A structured set of objections, weighed in public.

Desk editor's note, referee report, simulated authors' rebuttal, and a circularity audit. Tearing a paper down is the easy half of reading it; the pith above is the substance, this is the friction.

Desk Editor's Note private letter to a colleague

The paper shows synthetic data augmentation gives measurable WER gains for Hindi, Kannada, and Telugu ASR when mixed with real recordings, with the gains varying by script source, TTS model, and voice count.

read the letter

The central result is that adding synthetic speech to real data improves ASR for these three languages, and the improvement changes with the script source, the synthesis model, and how many cloned voices are used. The experiments keep total training duration fixed and evaluate on held-out test sets, which makes the comparisons direct.

The work is mostly an application of existing augmentation ideas to new languages rather than a new method. What it adds is the systematic check on voice count and the three specific Indic languages. The ablations are useful for anyone who has to decide how to generate synthetic data in practice.

The main limitation is that the gains are incremental and language-specific. Nothing here changes the broader picture of how synthetic data works in ASR. If the full numbers show small deltas without error bars or statistical tests, the practical takeaway stays modest. The assumption that the synthetic audio is close enough in distribution to real speech is handled by the controlled design, but domain mismatch could still explain part of the effect.

This is the kind of paper that matters for groups building ASR for low-resource Indic languages. It gives concrete data points on what choices in data generation actually move the needle. It is worth sending to peer review because the experimental controls are clear and the question is practically relevant, even if the novelty is limited.

Referee Report

0 major / 2 minor

Summary. The manuscript empirically evaluates the effectiveness of augmenting real speech recordings with synthetic speech data for fine-tuning ASR models in Hindi, Kannada, and Telugu. It reports WER improvements on held-out test sets from controlled mixtures of real and synthetic data, with ablations examining variation by script source, synthesis model, and number of cloned voices, while controlling for total training duration.

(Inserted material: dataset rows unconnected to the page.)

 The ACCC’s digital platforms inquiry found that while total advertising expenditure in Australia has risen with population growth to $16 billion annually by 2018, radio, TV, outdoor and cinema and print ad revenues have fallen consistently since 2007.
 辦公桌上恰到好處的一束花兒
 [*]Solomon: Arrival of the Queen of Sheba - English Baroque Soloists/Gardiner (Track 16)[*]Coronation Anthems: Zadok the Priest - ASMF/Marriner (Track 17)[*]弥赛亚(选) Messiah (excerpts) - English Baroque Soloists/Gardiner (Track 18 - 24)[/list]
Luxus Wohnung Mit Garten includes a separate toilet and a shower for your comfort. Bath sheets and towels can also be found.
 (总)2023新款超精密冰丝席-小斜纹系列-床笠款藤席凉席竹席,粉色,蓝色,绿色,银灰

Significance. If the reported WER deltas hold under the described controls, the work supplies practical, language-specific guidance on synthetic data augmentation for low-resource Indic ASR. The design isolates augmentation effects via real-only baselines and explicit duration matching, addressing the distribution-similarity assumption noted in the review. This is a useful contribution to multilingual ASR data strategies.

minor comments (2)

The abstract describes the experimental factors but does not report any quantitative WER deltas, confidence intervals, or statistical tests; adding one or two key numerical results would improve the standalone readability of the abstract.
Section headings and figure captions would benefit from explicit cross-references to the specific language and ablation (e.g., “Hindi, script-source ablation”) to help readers navigate the multi-language results.

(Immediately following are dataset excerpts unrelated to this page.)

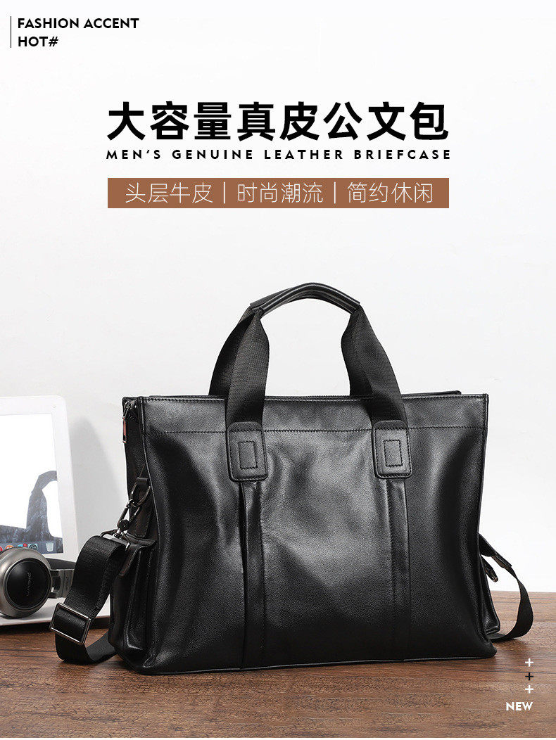 Lendaryer New Classy Genuine Leather Men's Handbag Business Casual Simple Design Large Capacity Briefcase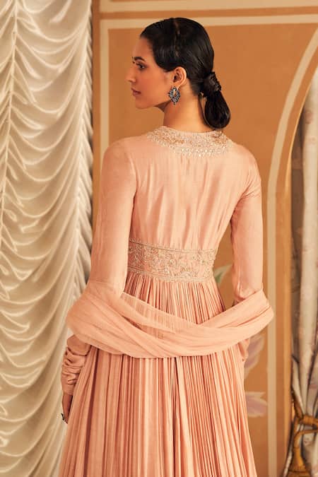 Dusty pink silk anarkali featuring gathered flare and bloom embroidery with cutdana-sequin highlights. Paired with an embroidered net dupatta.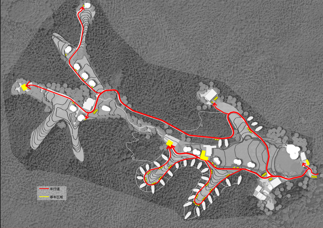 二类——车道。单行车,方便到达每个功能区乃至每栋建筑。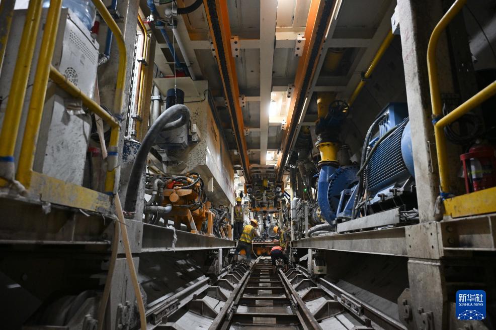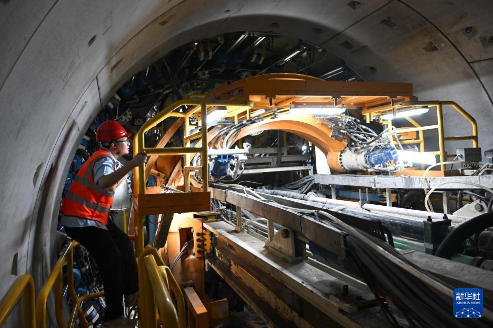 9月28日,在廣東廉江的環(huán)北部灣廣東水資源配置工程盾構(gòu)隧洞內(nèi),中鐵十二局工人在查看設(shè)備。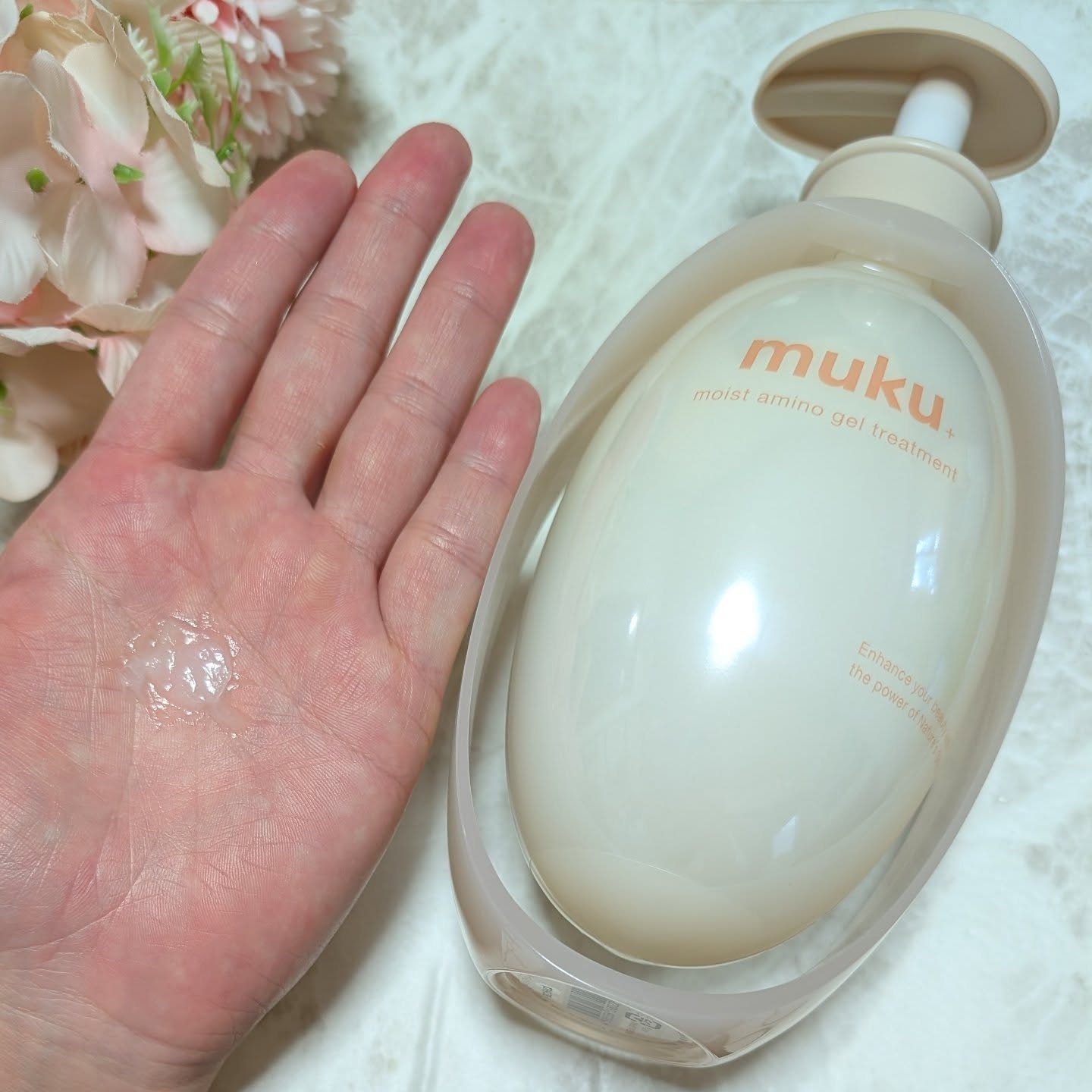 ムク+ モイストアミノジェルシャンプームク+ モイストアミノジェルトリートメント@muku_p_jpうすーいピンクのパッケージカラーも可愛いだけじゃなくて、コロンとしたボトルも可愛い💓シャンプーは、手のひらで白くなるまで5秒ぐらい揉み込むこと...

Simulated Author's Rebuttal

0 responses · 0 unresolved

We thank the referee for the positive summary, significance assessment, and recommendation of minor revision. No specific major comments were provided in the report.

Circularity Check

0 steps flagged

No significant circularity; purely empirical study

full rationale

The paper conducts controlled empirical comparisons of ASR fine-tuning performance using real vs. real+synthetic data mixtures for Hindi, Kannada, and Telugu. No equations, derivations, fitted parameters renamed as predictions, or self-citation chains appear in the methodology or results. All reported gains are measured on held-out test sets with explicit controls for training duration and ablations over script sources, synthesis models, and voice count. The work is self-contained against external benchmarks with no load-bearing step that reduces to its own inputs by construction.

Axiom & Free-Parameter Ledger

0 free parameters · 0 axioms · 0 invented entities

No mathematical model, free parameters, or invented entities; the work is an empirical measurement study.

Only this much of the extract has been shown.